=== Provided information ===

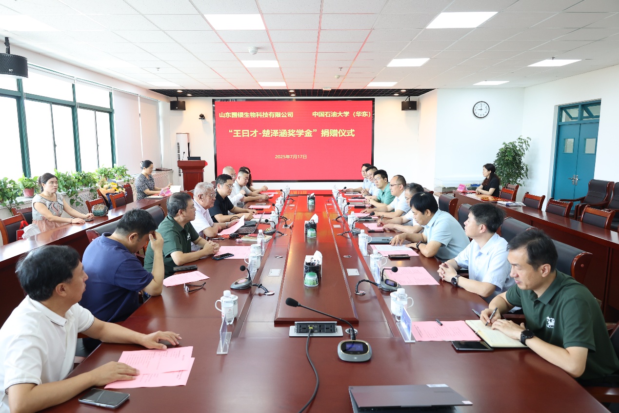 7月17日上午,山东国银生物科技有限公司与冰球突破豪华版官方网站“王曰才-楚泽涵奖学金”捐赠仪式在工科楼C271会议室隆重举行。
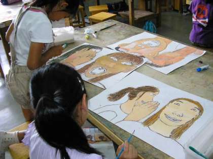 自分と友達の絵を描いています。(6月24日)
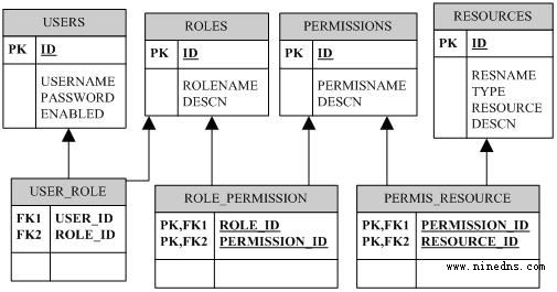 同时,为了更好地配合Acegi安全框架,还引入resource(资源)的概念,资源可分为URL和FUNCTION(方法)两种,一个权限可以对应多个资源。具体的数据库设计见图2。
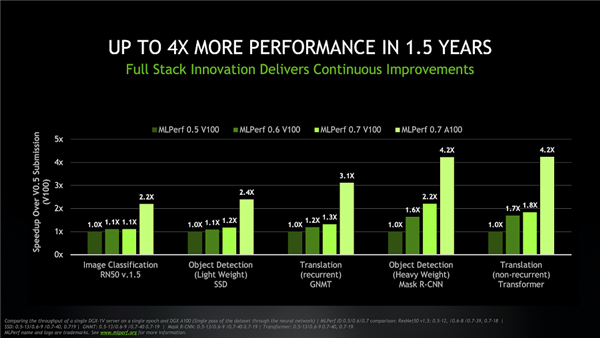 最新的测试结果显示,相较于首轮MLPerf训练测试中使用的基于Volte伏特架构V100处理器的系统,如今的DGX A100系统能够以相同的吞吐率,实现高达4倍的性能提升,这一切都是在仅仅一年半时间里做到的。
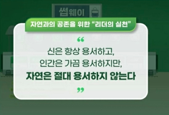 고요한 순간을 즐기며 명상에 빠져 있는데, 스마트폰이 카톡이라고 소리친다. 그녀의 아침 인사와 함께 영상이 올라왔다. 유튜브의 링크를 확인하니 ‘자연은 절대 용서하지 않는다’라는 녹색 문자가 클로즈업되어 눈앞에 다가왔다. 뭐지? 하면서 영상을 열었더니 자연과의 공존을 위한 ‘리더의 실천’이라는 유튜브 강의를 카톡으로 보내왔다. 아침에 5분 투자하면 하루를 어떻게 보낼까 하는 고민을 조금 덜어준다는 말과 함께. 한 사람 한 사람의 작은 실천이 어쩌면 지구를 살릴 수도 있다는 무거운 문자와 오늘도 건강한 하루를 보내자는 인사까지.
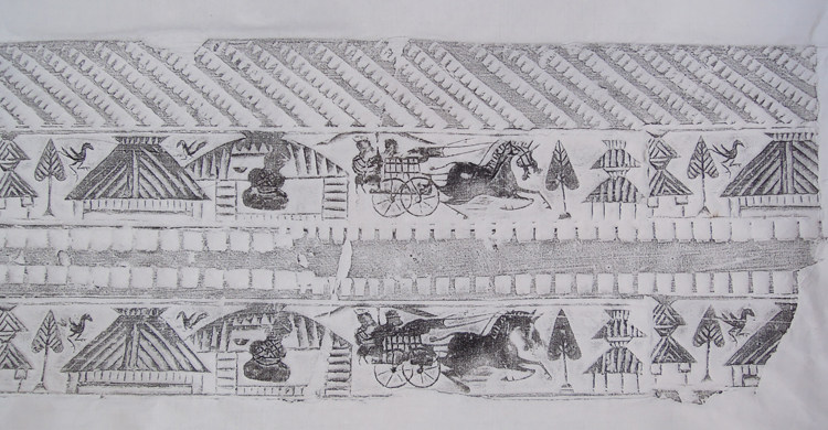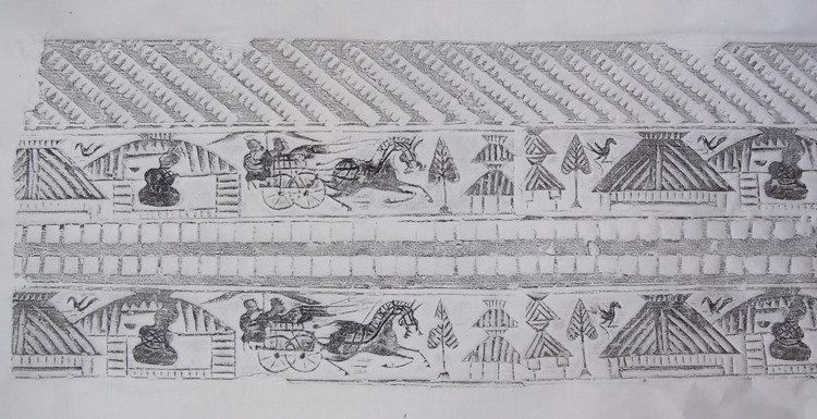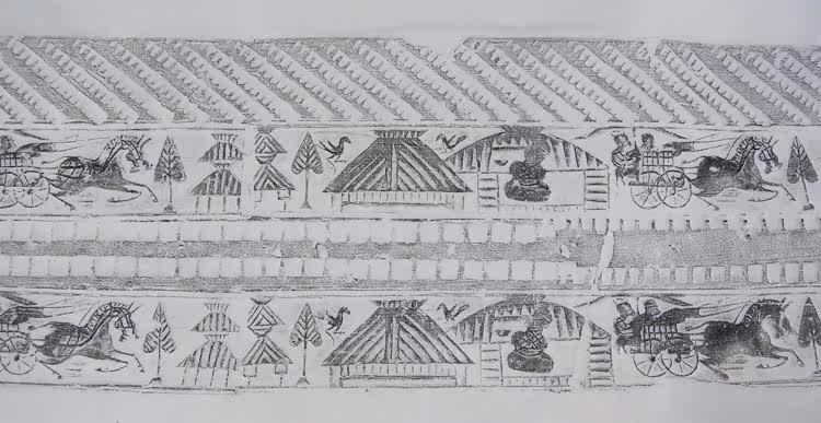 There is no juvenile affair in the chest, and there are cars and horses in front of the door---- Han "sit-in and travel" portrait brick original Tuo
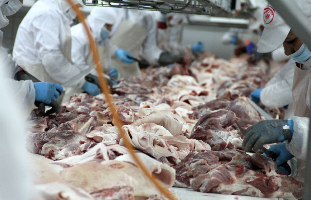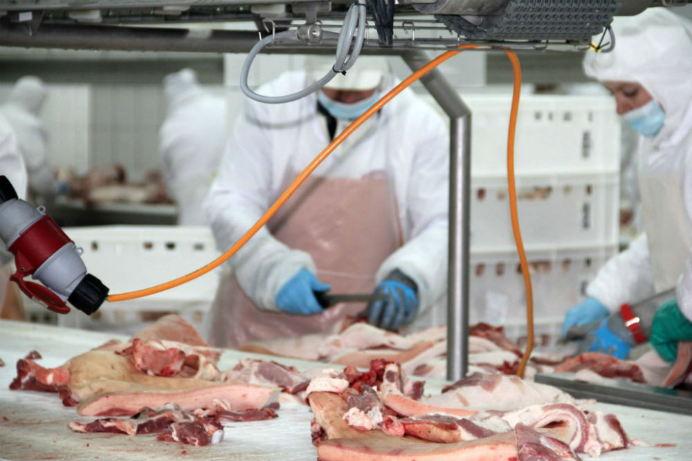 Мясо поступает к обвальщикам с соседнего участка, куда прибывают свиные полутуши. Там работники разрезают полутуши на более мелкие части c помощью оборудования Schaller.
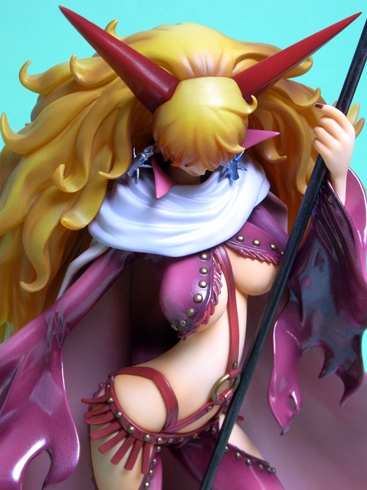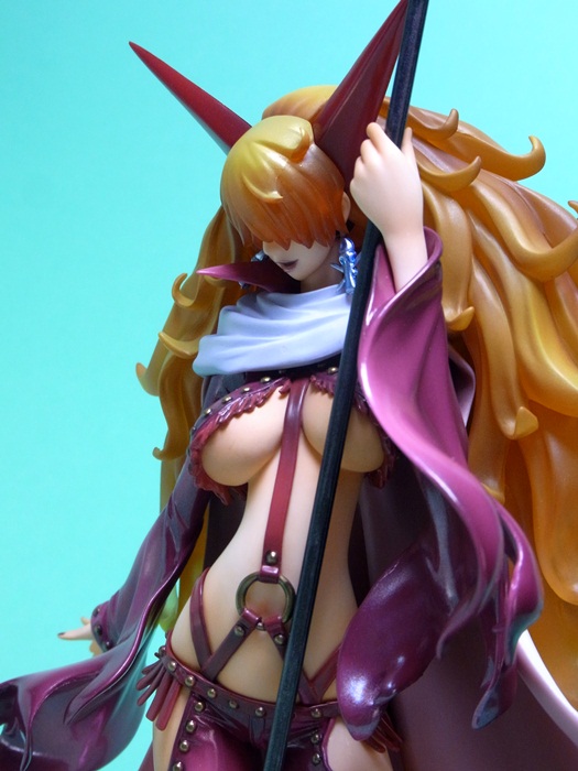 革の衣装にはツヤ有りでパール塗装が施されており、革紐の部分とは塗り分けがされています。また、単調にならないようグラデーションがかかっており、この辺りはP.O.Pクオリティといったところです。

===

■ **About this exercise**:
Every line from the one that holds "There is no" to the end of the listing should be output exactly, with pictures left out, please.

■ **Exercise answer**:
 There is no juvenile affair in the chest, and there are cars and horses in front of the door---- Han "sit-in and travel" portrait brick original Tuo
 Мясо поступает к обвальщикам с соседнего участка, куда прибывают свиные полутуши. Там работники разрезают полутуши на более мелкие части c помощью оборудования Schaller.
 革の衣装にはツヤ有りでパール塗装が施されており、革紐の部分とは塗り分けがされています。また、単調にならないようグラデーションがかかっており、この辺りはP.O.Pクオリティといったところです。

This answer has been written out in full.